Звонить в Марнеули она не стала. Потом позвонит, а сейчас ей лучше лечь.
Натэла прождала звонка весь день и всё утро, потом поняла: Софико не хочет звонить, ни ей, ни Тамазу. И Нина не хочет. И письма пишет редко, телеграфным стилем: «Живу, работаю, здорова. У меня всё в порядке. Целую, Нина». Ну как ей объяснить, что Натэла не может пригласить её в шестиметровую комнатку с низким дощатым потолком, где они с мужем ютились вдвоём. А комнаты занимали жильцы. Учёба Софико, дорогая квартира в Тбилиси, дорогая сиделка для Мананы Малхазовны, дорогие лекарства. И как гром с ясного неба – вторая операция.
Объяснить не получится, да и поздно уже объяснять, дочке двадцать восемь лет, девять из которых она прожила одна. Дочь Натэла потеряла, потому что выбрала любовь. Всё это Натэла вывалила оторопевшей Софико и всунула в руки конверт с московским адресом:
– Поезжай. Я же вижу, несладко тебе здесь. Успокоиться не можешь, Тамазу перечишь, вчера опять орал, довела до белого каления. Не надо так стараться, дорогая. Ему и так плохо. На вот, Нине моей передашь, – Натэла протянула ей свёрток.
Софико машинально взяла. Натэла дала ещё один:
– А это тебе, на первое время. Бери. Не я даю, мама твоя.

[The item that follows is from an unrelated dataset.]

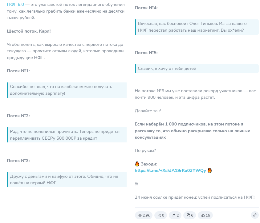 Мы не рекомендуем подписываться на данный тг-канал и тем более переходить по реферальным ссылкам админа. Если вы уже сталкивались с «НФГ Грабитель банков», оставьте свое мнение о нем в комментариях. Другие обзоры коучей и тренеров читайте на нашем сайте, в статьях мы разбираем проекты, которые действительно могут научить правильно распоряжаться деньгами.

Ей теперь не надо…– И добавила со вздохом: – Тебе тридцать один год, пора жить самостоятельно, а ты всё на брате едешь.
– Это ты на нём едешь! – закричала Софико ей в лицо, впервые называя на «ты» и не сдерживаясь. – Живёшь в нашем доме, мамину комнату сдаёшь! Я тебя ненавижу! Я вас обоих ненавижу!
Софико взбежала по лестнице, наверху хлопнула дверь. Натэла поднялась за ней на второй этаж, вошла в её комнату, бесцеремонно открыла шкаф. Ответила спокойно:
– Ненавидь.
Натэла складывала в сумку её вещи. Софико молча стояла и смотрела.

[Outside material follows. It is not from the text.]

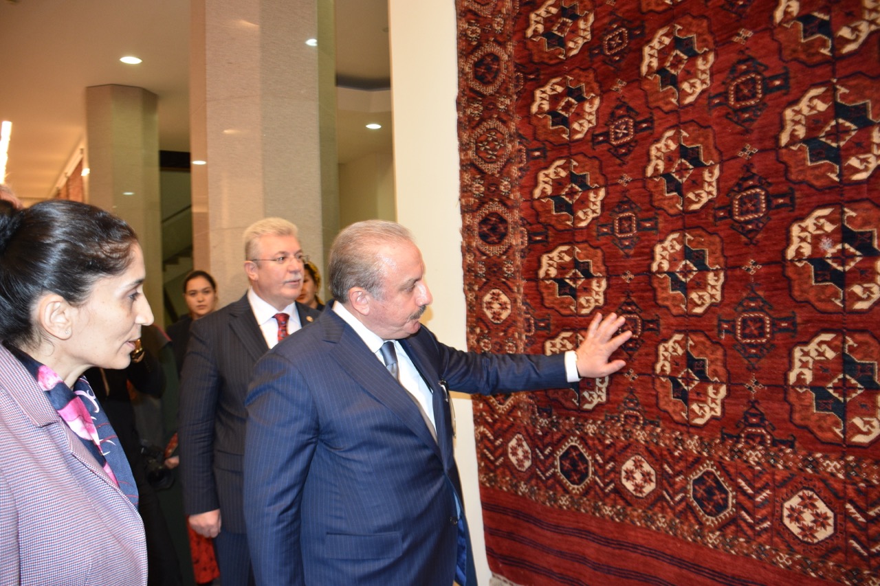 Daha sonra Türkmen Milli Halı Müzesini gezen Şentop, Türkmen kültürünün önemli değeri el dokuma halı ve kilimlerini görme fırsatı buldu.

– Дом твой, никто тебя не гонит. Вы с Тамазом как кошка с собакой, вот-вот подерётесь. Тебе же самой уехать хочется. Вот и поезжай. Вещи возьми на первое время, остальное там купишь. Сыр возьми, вина возьми. Отпразднуешь своё освобождение. Твой рейс через четыре часа, Тамаз билет купил. Добила ты его.

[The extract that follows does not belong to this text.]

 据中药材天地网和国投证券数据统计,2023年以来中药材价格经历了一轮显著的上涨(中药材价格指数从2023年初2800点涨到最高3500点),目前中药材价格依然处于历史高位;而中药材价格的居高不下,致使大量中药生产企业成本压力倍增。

В конверт она заглянула уже в самолёте. Денег, отложенных на мамину реабилитацию, оказалось много. Маме они уже не понадобятся. Свёрток, предназначенный для Нины, Софико разворачивать не стала.
* * *
Нина приехала нагруженная покупками, которые с трудом втащила на пятый этаж. Эби встретила её у двери, мурлыкнула приветственно. Из комнаты никто не вышел: Софико металась по постели и что-то невнятно бормотала. Нина сунула ей под мышку градусник. Температура оказалась высокой. Высоченной. Врача вызывать бесполезно: в их поликлинике не станут лечить гражданку другой республики, да к тому же без медицинского полиса. Нина поискала полис и не нашла. Наспех оделась и побежала в аптеку.
Вниз она съехала по перилам, до аптеки и обратно бежала бегом, наверх поднялась задыхаясь. В квартире требовательно звонил телефон. Забыв, что собиралась к нему не подходить, Нина схватила трубку. Звонил Данила. Боже, она совсем забыла, что обещала поехать с ним в Заветы Ильича!
– Извини, я сегодня не могу. И завтра не могу. И послезавтра!
– Ну, хорошо, хорошо… Что ты так волнуешься?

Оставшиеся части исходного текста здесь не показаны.